Askerlerini ve yedeklerini Gazze’de büyük bir kara saldırısına hazırlayan İsrail, kuzeyde Hizbullah’a karşı “ikinci bir cephe” açılmasını önlemek için her şeyi göze almıştı.

Ali ve diğerlerinin de tanıklık edebileceği gibi, bunu engellemek için kelimenin tam anlamıyla “yakıp yıkmak” da dahil elinden geleni yaptı.

Ulusal Bilimsel Araştırma Konseyi himayesindeki Ulusal Erken Uyarı Platformu, 7 Ekim 2023’teki Hamas saldırıları ile 1 Ocak 2024 tarihleri arasında İsrail’in güney Lübnan’a yönelik iki bin 447 saldırısını belgelemiştir.

Bu süre zarfında İsrail ordusunun 800 hektarlık alanı yaktığı bildiriliyor. Gezegendeki en tehlikeli silahlardan biri olan fosfor kullanımı özellikle korkunç. Arazi ve toprağın iyileşmesi yıllar alacak.

Zeytinler ve mezarlıklar

Üç ay önce, bombalar düşmeye başladığında, Ali ve kız kardeşi Sayda şehri yakınlarındaki Kaouthariyet el Saiyad köyünde bir daire kiraladılar.
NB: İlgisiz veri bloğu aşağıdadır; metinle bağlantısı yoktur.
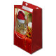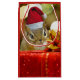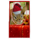 Ce mignon chipmunk portant un chapeau de Père Noël regarde derrière un cadeau de Noël rouge vif et l'arc en or pour vous souhaiter des "fêtes de chipper" pour la saison.
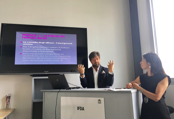 來到意大利著名的IFDA時(shí)尚與設(shè)計(jì)學(xué)院,與學(xué)院專家教授、意大利米蘭買手協(xié)會(huì)創(chuàng)始人齊聚一堂,共同學(xué)習(xí)研討買手研修班系列活動(dòng)模塊三的內(nèi)容,主題為“時(shí)尚買手商品訂貨管理技巧”,Maurizio教授重點(diǎn)為我們講解了“品牌定位與營(yíng)銷策略、流行趨勢(shì)與搭配組貨、以及Marketing、Fashion方向……”
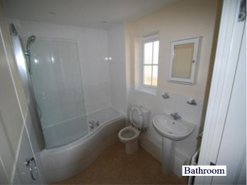 Pedestal wash hand basin. Mirrored cabinet. Low level WC. Shaped panelled bath with side mixer taps and separately plumbed shower unit over, shower screen. Local tiling. Smooth magnolia walls and white gloss-work. Double radiator. Shaver point. Frosted PVC double glazed window to rear.
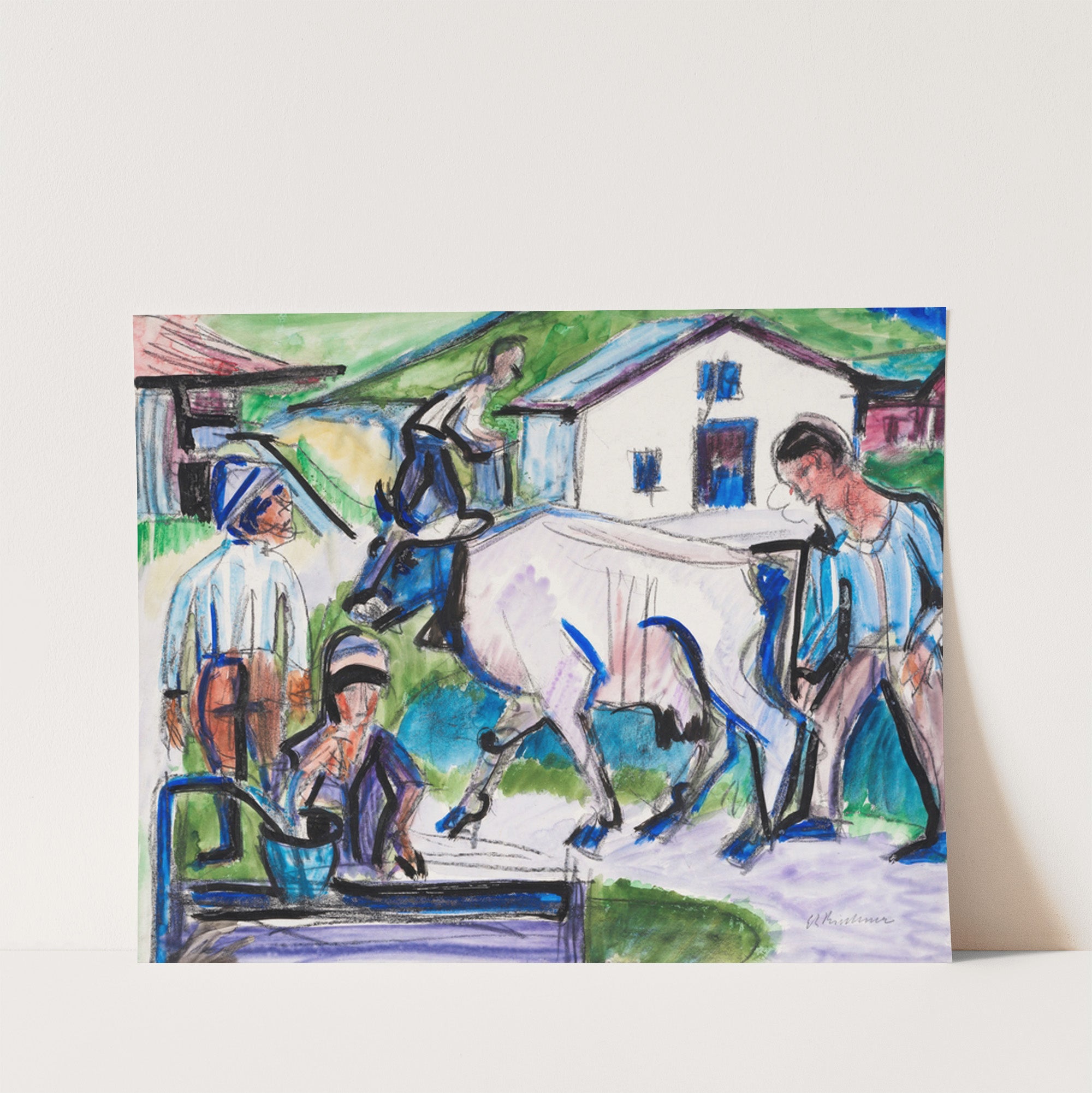 Bauern mit Kuh (1922) by Ernst Ludwig Kirchner - Wall Art Print

Köy sakinlerinin köylerine dönmeleri yasak, bu nedenle Ali ve kız kardeşi kendi topraklarını tam olarak değerlendiremiyorlar. Evlerine sadece cenazeler için gidebiliyorlar. “Mezarlığa yakınlığı nedeniyle araziyi kısaca kontrol edebiliyorum” diyor.
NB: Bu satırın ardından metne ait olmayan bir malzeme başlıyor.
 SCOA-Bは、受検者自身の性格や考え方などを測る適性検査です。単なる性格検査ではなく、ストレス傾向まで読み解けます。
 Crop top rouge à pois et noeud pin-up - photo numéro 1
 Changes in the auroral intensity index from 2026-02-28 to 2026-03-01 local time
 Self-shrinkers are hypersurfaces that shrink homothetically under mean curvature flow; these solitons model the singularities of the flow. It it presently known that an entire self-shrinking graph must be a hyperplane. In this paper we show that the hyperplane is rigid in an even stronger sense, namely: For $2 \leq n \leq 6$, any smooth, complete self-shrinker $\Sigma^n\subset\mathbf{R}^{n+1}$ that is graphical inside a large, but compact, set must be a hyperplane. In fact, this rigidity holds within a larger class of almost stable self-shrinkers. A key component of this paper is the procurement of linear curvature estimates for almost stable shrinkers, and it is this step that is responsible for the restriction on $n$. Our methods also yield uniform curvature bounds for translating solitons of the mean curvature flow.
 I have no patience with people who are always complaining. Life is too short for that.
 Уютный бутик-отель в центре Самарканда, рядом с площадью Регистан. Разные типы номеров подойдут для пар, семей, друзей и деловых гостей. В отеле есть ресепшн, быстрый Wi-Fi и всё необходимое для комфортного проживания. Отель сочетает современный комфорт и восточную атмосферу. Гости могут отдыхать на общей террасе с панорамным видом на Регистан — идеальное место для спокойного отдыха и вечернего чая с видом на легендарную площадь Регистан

Ali iyimser. Başkalarının durumunun daha kötü olduğunu biliyor. “Sayısız çiftçi, özellikle tütün yetiştiriciliğinde feci kayıplar yaşıyor” diye açıklıyor:

“Köyümüzün ekonomisi tütüne dayanıyor. Çiftçiler Aralık ve Ocak aylarında tütün fidanlıklarına bakıyorlar. Yerinden edilme nedeniyle bu artık imkansız. Yerimizden edilmemiş olsak bile herkes bizi toprak kirliliğinin tehlikeleri konusunda uyarıyor.”
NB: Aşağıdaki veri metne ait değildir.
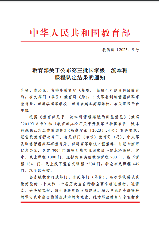 近日,《教育部关于公布第三批国家级一流本科课程认定结果的通知》(教高函〔2025〕9号)正式发布。蕾丝视频
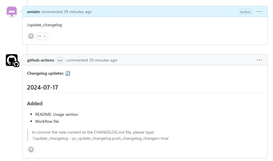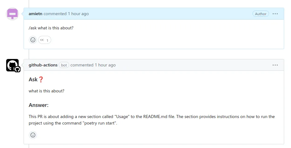 In both of the above cases, PR-Agent will read the comment, determine if there’s a known command to execute, and if so, generate a response and post it as another comment on that pull request.
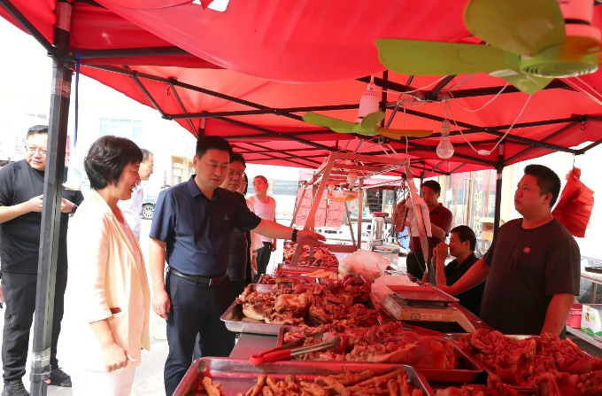 在万邦·濮阳国际农产品批发市场,先后到冷鲜肉、熟食、海鲜等区域,实地察看市场环境、菜品品类、消防安全等情况,与市场负责人、商户深入交流,详细询问价格、质量和销售情况,并听取相关介绍。他强调,要完善市场功能配套,稳住市民“菜篮子”、守住农民“钱袋子”,更好履行社会责任;要精心调配货源、丰富商品种类,保障食品安全、稳住商品价格,更好满足群众多样化、品质化消费需求。
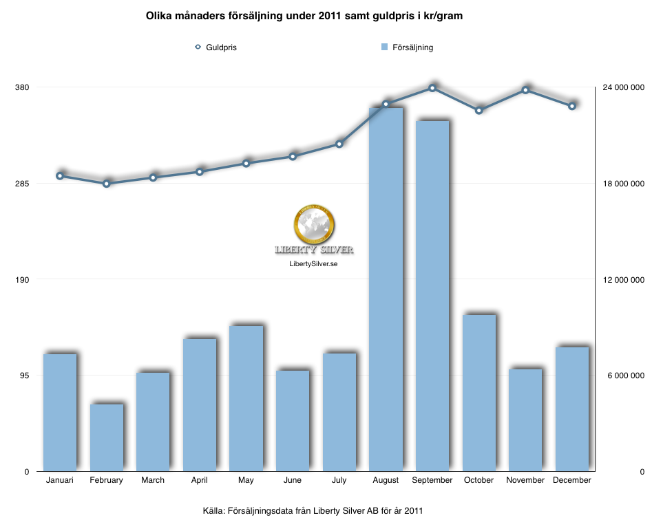 I ovanstående diagram, som visar försäljningen under 2011, kan vi se att priset på guld uppvisade en kraftig ökning under året. Priset steg från 284,25 kr/g i februari till 378,88 kr/g i september. En prisökning på hela 33 procent på bara 7 månader.
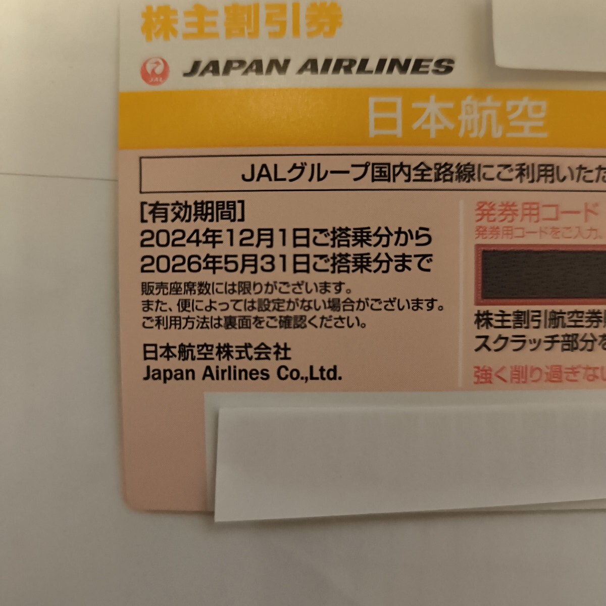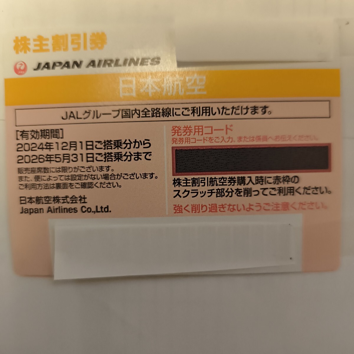 日本航空(JAL)株主割引券 2026年5月31日搭乗分まで有効 1枚となります。

Aitaroun köyünden yerinden edilen Moussa Toubah için koşullar hiç de iyi değil. Sayda yakınlarındaki Zrariyeh kasabasında diğer dört aileyle birlikte yaşamak mümkün değil.

Zeytin, keçiboynuzu ve incir ağaçlarından oluşan meyve bahçesini, iki bin avokado fidesini, 15 dönümlük (3,7 dönüm) buğdayını ve arı kovanlarını kaybeden Musa’nın teselli bulması için hiçbir neden yok.

“Yerimizden edildiğimizden beri kasabaya geri dönemedim” diyor: “Hala savaşta olup olmadığımızın belli değil. Savaş zamanında kimin yaşayıp kimin öleceğine kader karar verir. Hayatlarımız belirsizlik içinde. Kayıplarımızı kimin ve ne zaman telafi edeceğini bilmiyoruz.”

Saldırılar, ülkenin tarımsal üretiminin %37’sini karşılayan güney Lübnan’ın geniş alanlarını tahrip etmeye devam ediyor.

Bu bölgenin önemi öncelikle onu Lübnan’ın en çeşitli tarım bölgesi haline getiren çeşitli topografyasından kaynaklanıyor.

Muz ve narenciye bahçeleriyle zengin olan güney kıyı kuşağı, Lübnan kıyı şeridi boyunca tarımın son kalesi olmaya devam ediyor.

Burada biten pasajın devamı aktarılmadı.